Characterization device for measuring beam parameter product and beam quality of collimated and uncollimated diode lasers

摘要

Diode laser systems have been established for material processing and pumping solid state lasers in the recent years, due to flexibility, efficiency and lifetime. In the meantime, diode laser bars with an output power of more than 120 W and a beam parameter product less than 70 mm mrad are available (see fig. 1). Depending on the optical system an energy density in focus of more then 10~6 Wcm~(-2) can be achieved. But for several applications like hardening metal surfaces or welding thin blanks/plates the output power is insufficient. To increase optical output power several diode laser bars are arranged vertically and/or horizontally.

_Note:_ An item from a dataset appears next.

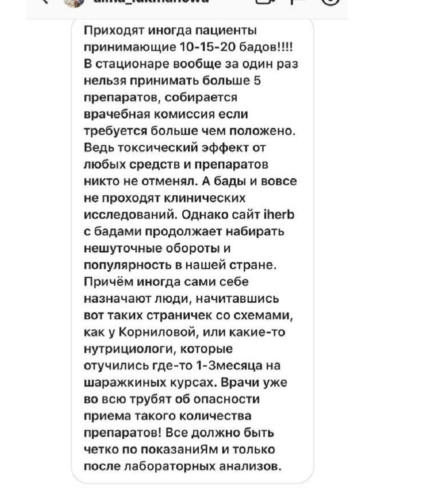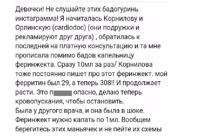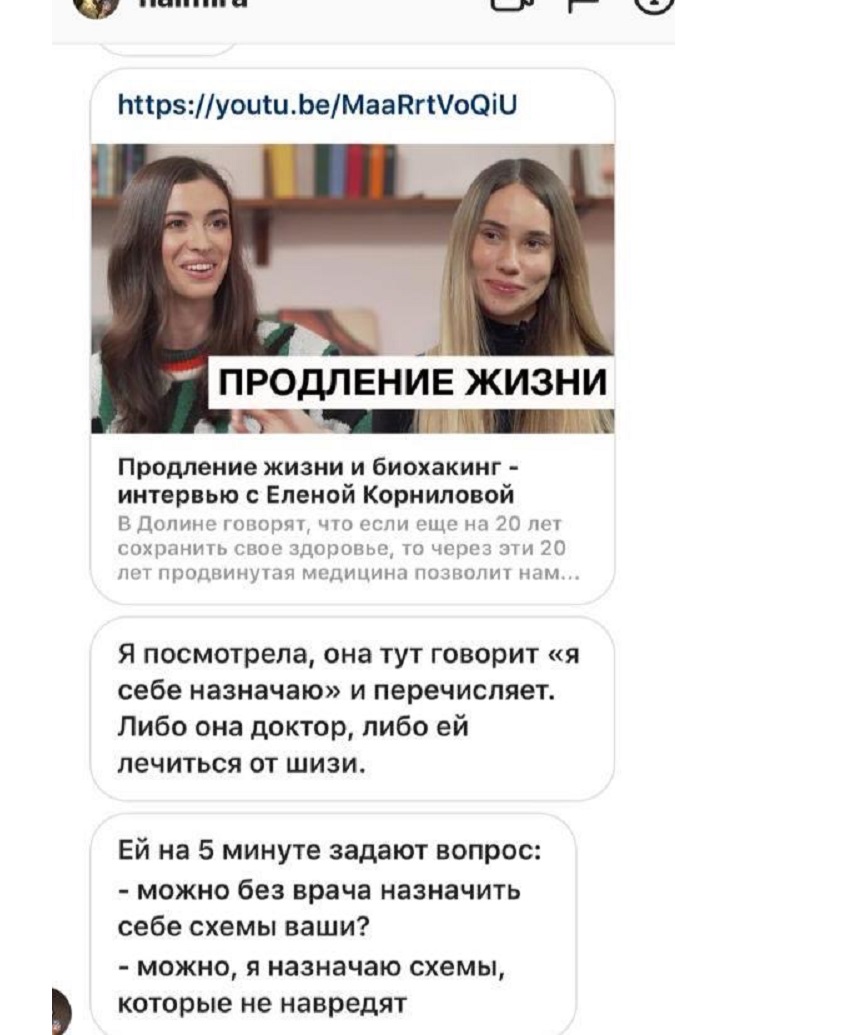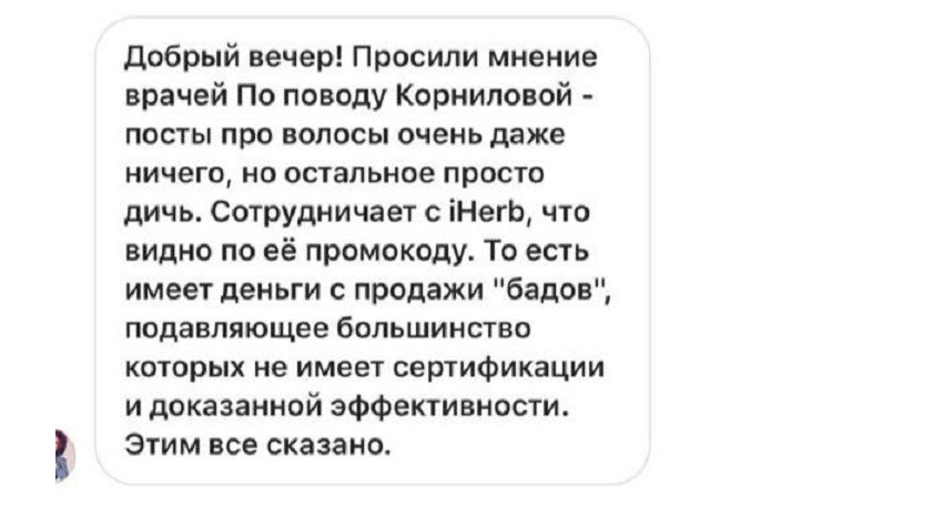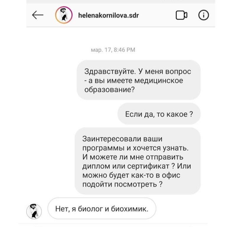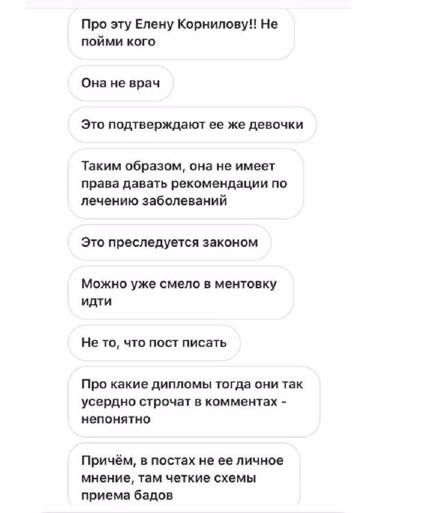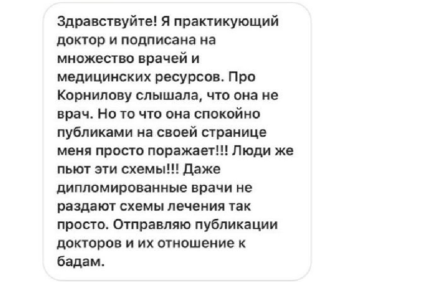 Елена Корнилова говорит о том, что ее врачи рекомендуют и участвуют в ее вебинарах, квалификация этих врачей под сомнением. Вот, например, переписка с https://instagram.com/cardiodoc. Подруга и коллега Корниловой, они друг друга рекламируют.

With these so called stacks an optical output power of more than 4 kW can be achieved. Due to the incoherent beam coupling the beam parameter product is increased at the same rate. But the energy density or intensity in focus is rather less than constant. Other applications, e. g. welding or marking, require higher intensities, which can not be achieved with diode lasers. For these applications diode pumped solid state laser are mostly applied. All systems and applications based on diode lasers have in common, that a special intensity profile of the diode laser source is required (for e. g. coupling into a fiber or crystal or for beam homogenization). In order to achieve the required intensity profile an optical system has to be designed. Therefore the optical properties of the diode laser system have to be well known. Especially the knowledge of the divergence angle and the beam parameter product is indispensable for the design of an optical system. Several methods for measuring these properties are well known, also their advantages and disadvantages. In focus of ISO-standard 11146 three different methods for measuring beam parameter product and the resultant beam quality are presented. Their advantages are discussed and measuring errors are estimated. Reflecting this discussion a new approach for a fast measurement of beam parameter product and the resultant beam quality is developed. Filially a complete automated characterization device based on this approach is presented.